_Recorded data_
- Opening Delimiter -

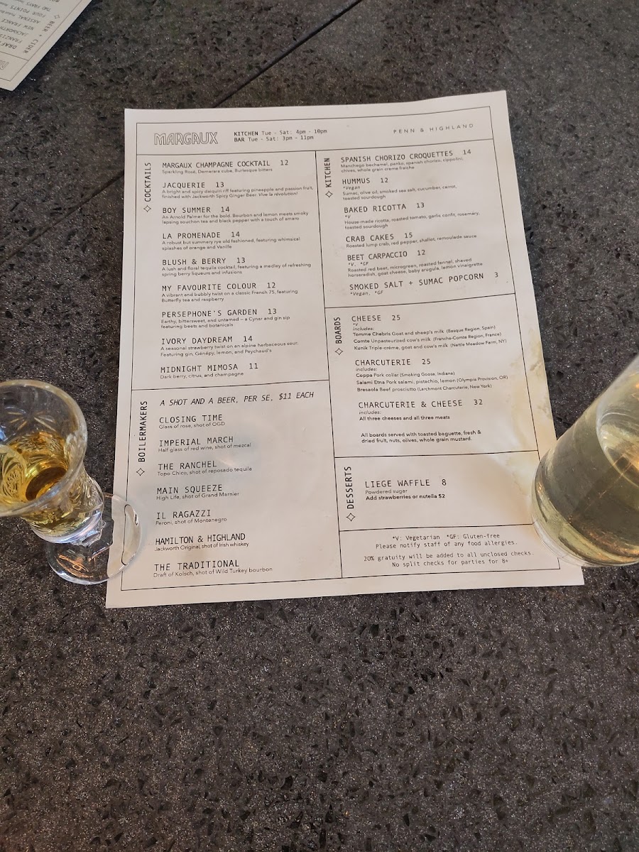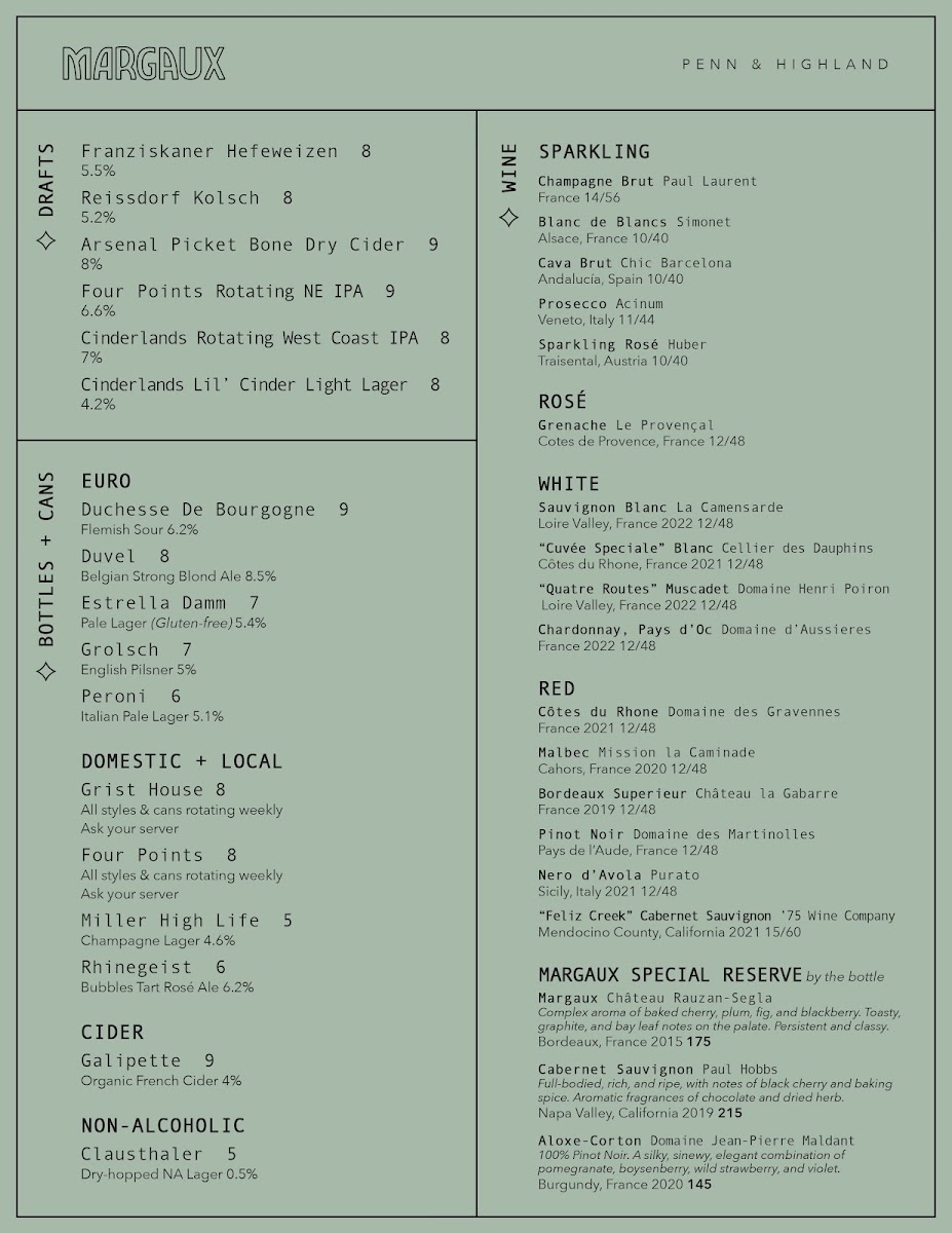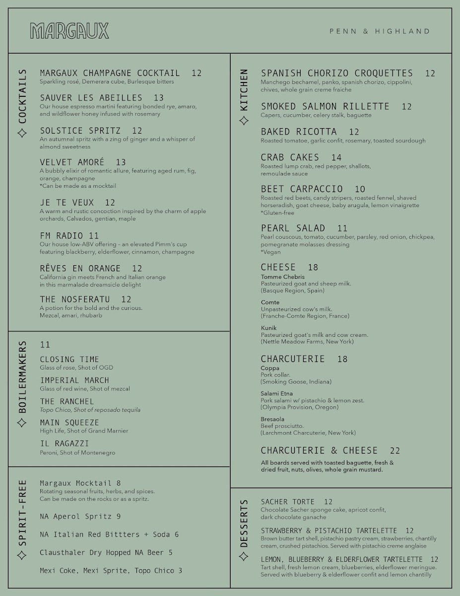 The overall atmosphere at Margaux is reflected in its menu: approachable yet thoughtful, with a smooth transition from vibrant café culture to an intimate wine bar setting. Whether you're settling in to work with a drip coffee or unwinding over a cocktail as night falls, the menu supports both comfort and quiet enjoyment.
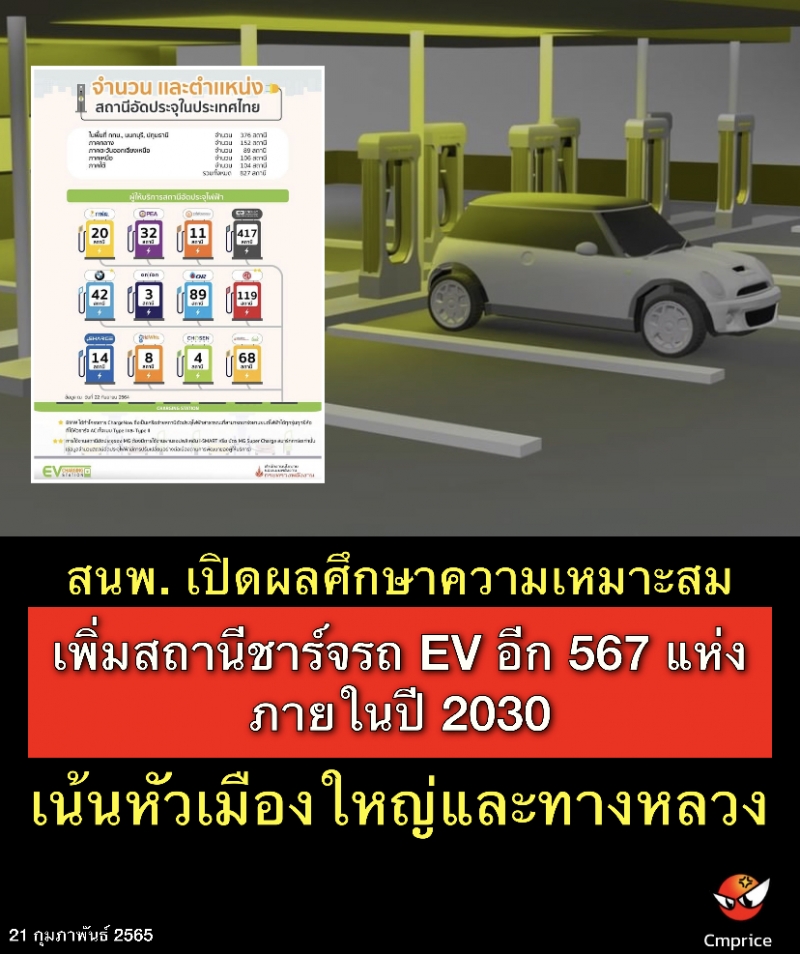 สนพ. เปิดผลศึกษาความเหมาะสมเพิ่มสถานีชาร์จรถ EV อีก 567 แห่ง ภายในปี 2030 เน้นหัวเมืองใหญ่และทางหลวง
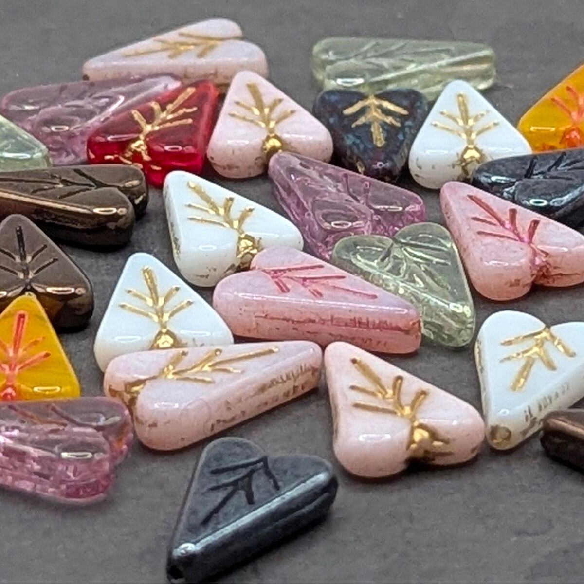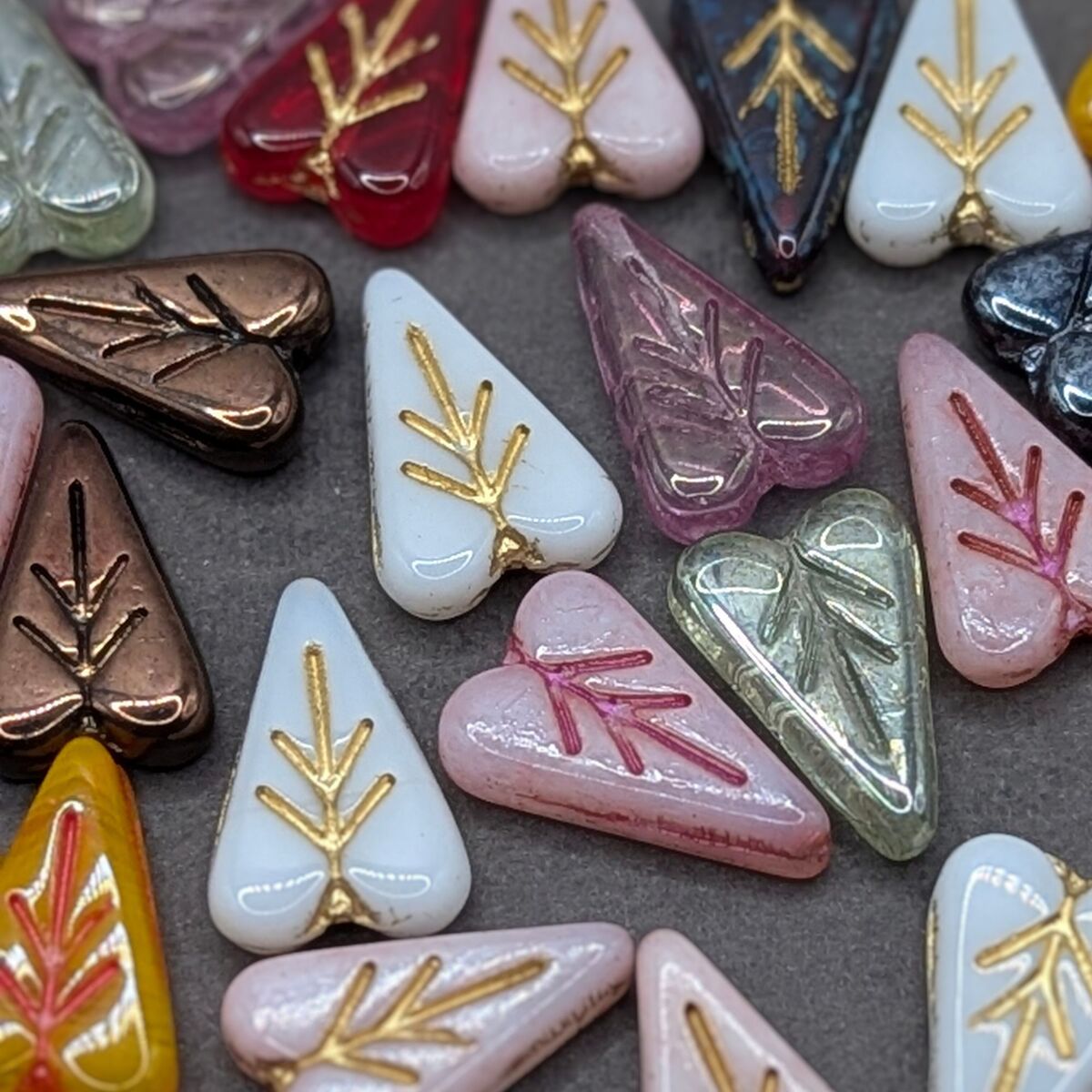 These Czech glass heart leaf beads feature a lovely multicolor mix with natural variation and a softly detailed heart-leaf shape. Each set includes a curated selection of colors, giving you beautiful variety for creative designs.

- Closing Delimiter -

_Problem_
Quote each line of the listing exactly, but leave the pictures out.

_Output for this exercise_
 The overall atmosphere at Margaux is reflected in its menu: approachable yet thoughtful, with a smooth transition from vibrant café culture to an intimate wine bar setting. Whether you're settling in to work with a drip coffee or unwinding over a cocktail as night falls, the menu supports both comfort and quiet enjoyment.
 สนพ. เปิดผลศึกษาความเหมาะสมเพิ่มสถานีชาร์จรถ EV อีก 567 แห่ง ภายในปี 2030 เน้นหัวเมืองใหญ่และทางหลวง
 These Czech glass heart leaf beads feature a lovely multicolor mix with natural variation and a softly detailed heart-leaf shape. Each set includes a curated selection of colors, giving you beautiful variety for creative designs.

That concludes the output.